"Din , gimana caranya kamu kalau pas lagi sedih gk sedih banget. Dan kalau seneng gak seneng banget."
Sean menegak kembali sisa susu rasa vanilla melalui bibirnya yang pucat.
"Kalau aku lagi sedih aku inget-inget , selain sedih aku inget hal yang membuat aku seneng, kayak inget ibu sama adik di kampung contohnya."
Sean merenung sejenak, kedua alisnya hampir bertemu saat ia berkspresi seperti memikirkan sesuatu.
"Kalau inget ibuku, aku malah makin sedih." Ia cemberut.
"Kalau inget masa kecil kamu ?" Tanyaku, dan sedetik kemudian aku rasanya ingin membenturkan kepalaku ke tembok.
Sean menggeleng.
"Yaudah gini deh, " aku berpindah tempat duduk di dekatnya. " Apa yang buat kamu bahagia? "
Sean melihat langit-langit.
"Apa ya din?"
"Ya apa kek gitu.

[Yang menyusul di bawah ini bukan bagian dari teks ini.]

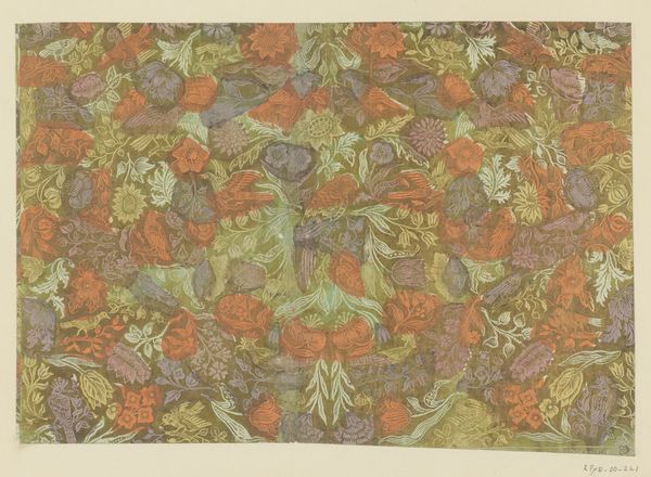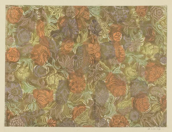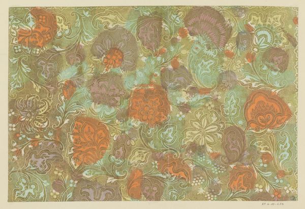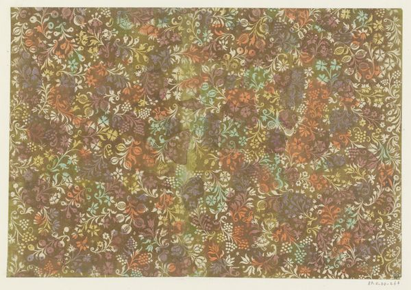 Editor: So, this is "Blad met bloemen en vruchten," or "Sheet with flowers and fruits," made sometime between 1720 and 1750, and it’s an ink drawing on paper. It really strikes me as more decorative than anything, almost like wallpaper. What do you see in it? Curator: Wallpaper, eh? Well, it's interesting you say that, because while it’s definitely got that baroque decorative vibe, I think it’s less about filling a space and more about contemplating nature. The density of the pattern almost forces your eye to slow down, like trying to decipher a secret botanical code. Editor: A secret code? Curator: Precisely! Each flower, each fruit rendered with this incredible detail. Look at the way the ink captures the texture, and then consider this isn’t just any random arrangement. It’s deliberately composed. Almost like the artist wasn't just drawing pretty things, but trying to grasp the deeper order behind all the floral chaos. What feelings does it evoke for you? Editor: I guess I see that now. I was so caught up in the pattern, but slowing down… there's almost a melancholy to it. Like a captured moment, these flowers preserved in ink before they wilt. Curator: That's it! That sense of fleeting beauty, of wanting to hold onto something ephemeral...That melancholic observation speaks to the essence of Baroque art—capturing not just the splendor, but also the awareness of time's passage and inevitable decay. Do you think our fast-paced lives allow us to really see these intricacies? Editor: Not really, I didn't before, anyway. But it’s definitely changed how I’ll look at this piece now. Curator: It certainly does that to you, doesn't it? Each glance will tell a different story!

Masak gak pernah bahagia." Bentakku jengkel.
"Enggak."
"Hufft.." aku melengos kesal. Ku ambil majalah di bawah meja dan mulai membalik balikan halamannya mengalihkan perhatian.
"Waktu aku dapet beasiswa din. Kayaknya sih. Tapi waktu itu aku seneng banget sampe aku teriak teriak gitu,"
"Yaudah, kalau kamu sedih pikirin aja kamu pernah dapet beasiswa." Jawabku, masih tak mengalihkan perhatian dari majalah di pangkuanku.
"Kalau aku bertengkar sama mama dan papa aku harus inget dapet beasiswa gitu."
"Iya."
"Kalau aku lagi ditinggalin cewek aku harus inget beasiswa ku juga."
"Iya Seannnn.."
Aku tiba-tiba terkejut. 'cewek' ulangku dalam hati.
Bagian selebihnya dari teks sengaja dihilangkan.